===== Source data
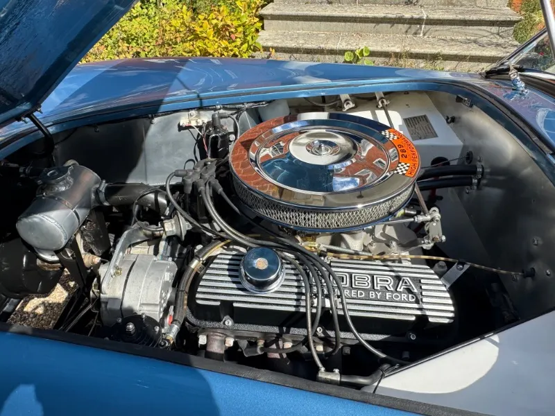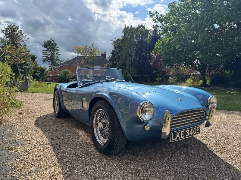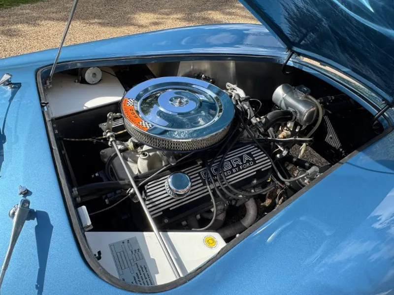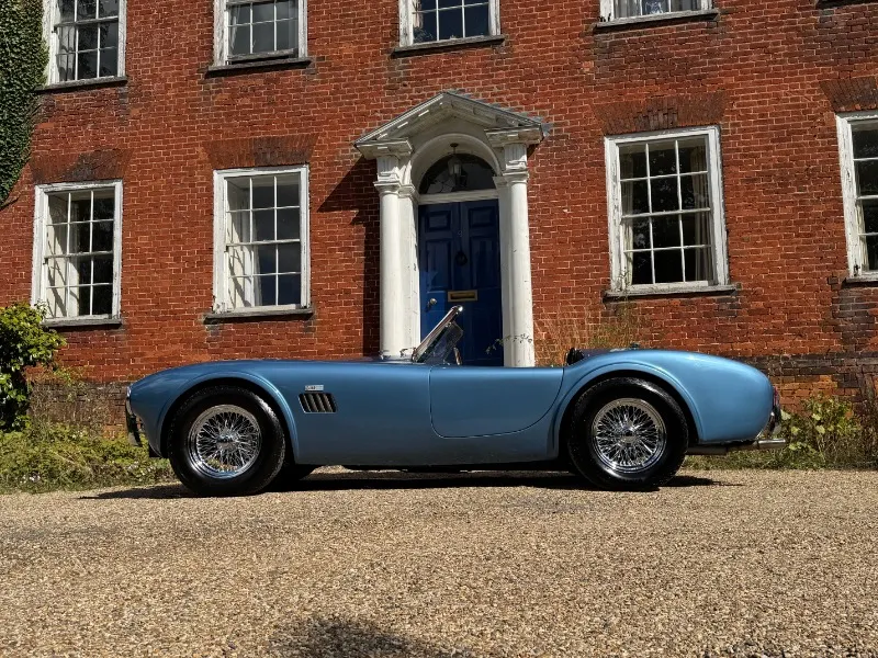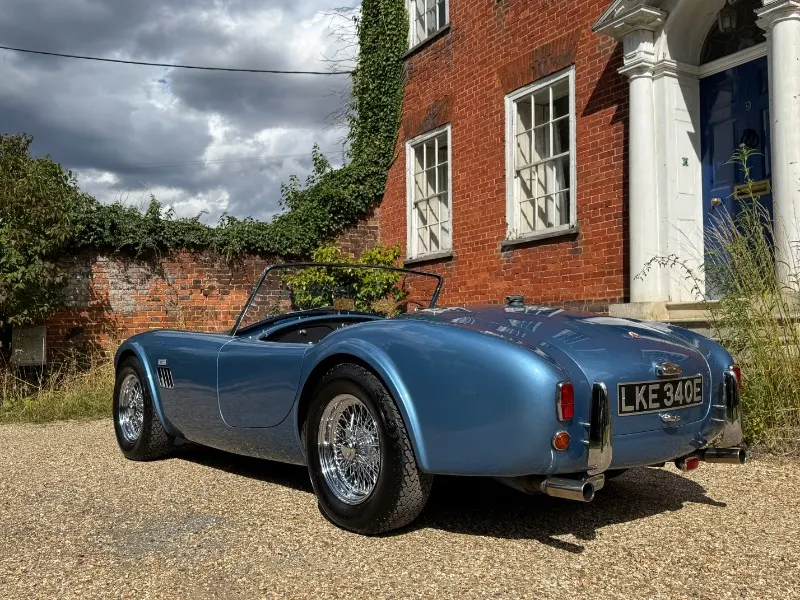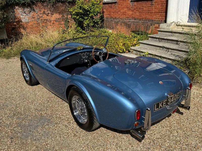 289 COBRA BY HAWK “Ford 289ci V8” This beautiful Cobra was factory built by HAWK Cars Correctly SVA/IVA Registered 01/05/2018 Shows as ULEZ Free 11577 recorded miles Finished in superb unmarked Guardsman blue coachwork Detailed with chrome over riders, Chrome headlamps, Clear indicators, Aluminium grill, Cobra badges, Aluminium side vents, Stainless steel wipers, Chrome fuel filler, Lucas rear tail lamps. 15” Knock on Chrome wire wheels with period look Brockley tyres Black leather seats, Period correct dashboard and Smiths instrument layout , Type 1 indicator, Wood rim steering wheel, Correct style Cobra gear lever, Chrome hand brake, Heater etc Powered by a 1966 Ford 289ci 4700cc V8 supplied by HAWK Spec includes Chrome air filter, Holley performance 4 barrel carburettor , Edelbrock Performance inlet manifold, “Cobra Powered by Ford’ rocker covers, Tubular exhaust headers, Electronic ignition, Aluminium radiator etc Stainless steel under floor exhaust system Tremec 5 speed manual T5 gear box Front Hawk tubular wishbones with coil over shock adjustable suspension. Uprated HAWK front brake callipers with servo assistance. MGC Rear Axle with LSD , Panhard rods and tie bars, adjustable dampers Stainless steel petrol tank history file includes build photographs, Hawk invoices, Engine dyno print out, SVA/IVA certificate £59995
==========
===== Source data
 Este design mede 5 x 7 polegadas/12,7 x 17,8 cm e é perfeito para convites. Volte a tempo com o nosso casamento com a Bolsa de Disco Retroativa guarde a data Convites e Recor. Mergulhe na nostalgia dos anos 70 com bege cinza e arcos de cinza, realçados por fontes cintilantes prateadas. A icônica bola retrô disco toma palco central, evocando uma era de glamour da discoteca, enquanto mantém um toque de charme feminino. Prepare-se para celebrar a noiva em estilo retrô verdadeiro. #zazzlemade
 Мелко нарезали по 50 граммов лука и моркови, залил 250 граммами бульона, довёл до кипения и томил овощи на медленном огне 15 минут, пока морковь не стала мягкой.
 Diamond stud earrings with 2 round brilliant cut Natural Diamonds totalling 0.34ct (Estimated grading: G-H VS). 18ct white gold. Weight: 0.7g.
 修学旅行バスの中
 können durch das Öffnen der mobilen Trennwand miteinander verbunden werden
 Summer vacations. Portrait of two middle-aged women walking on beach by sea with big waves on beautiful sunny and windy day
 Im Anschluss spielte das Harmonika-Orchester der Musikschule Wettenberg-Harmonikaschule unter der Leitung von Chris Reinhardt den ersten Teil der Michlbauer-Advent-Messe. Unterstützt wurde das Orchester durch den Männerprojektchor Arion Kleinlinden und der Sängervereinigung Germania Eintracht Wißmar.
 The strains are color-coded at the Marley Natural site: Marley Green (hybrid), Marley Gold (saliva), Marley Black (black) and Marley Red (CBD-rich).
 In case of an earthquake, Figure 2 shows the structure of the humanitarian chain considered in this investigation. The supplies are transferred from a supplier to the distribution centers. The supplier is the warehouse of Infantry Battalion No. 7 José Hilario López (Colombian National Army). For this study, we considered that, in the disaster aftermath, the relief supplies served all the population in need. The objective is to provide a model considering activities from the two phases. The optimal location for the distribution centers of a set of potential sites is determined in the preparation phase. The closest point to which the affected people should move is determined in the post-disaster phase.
==========
Your instructions » Go through the entries above and copy each line holding the string "durch".

Solution to the problem »
 können durch das Öffnen der mobilen Trennwand miteinander verbunden werden
 Im Anschluss spielte das Harmonika-Orchester der Musikschule Wettenberg-Harmonikaschule unter der Leitung von Chris Reinhardt den ersten Teil der Michlbauer-Advent-Messe. Unterstützt wurde das Orchester durch den Männerprojektchor Arion Kleinlinden und der Sängervereinigung Germania Eintracht Wißmar.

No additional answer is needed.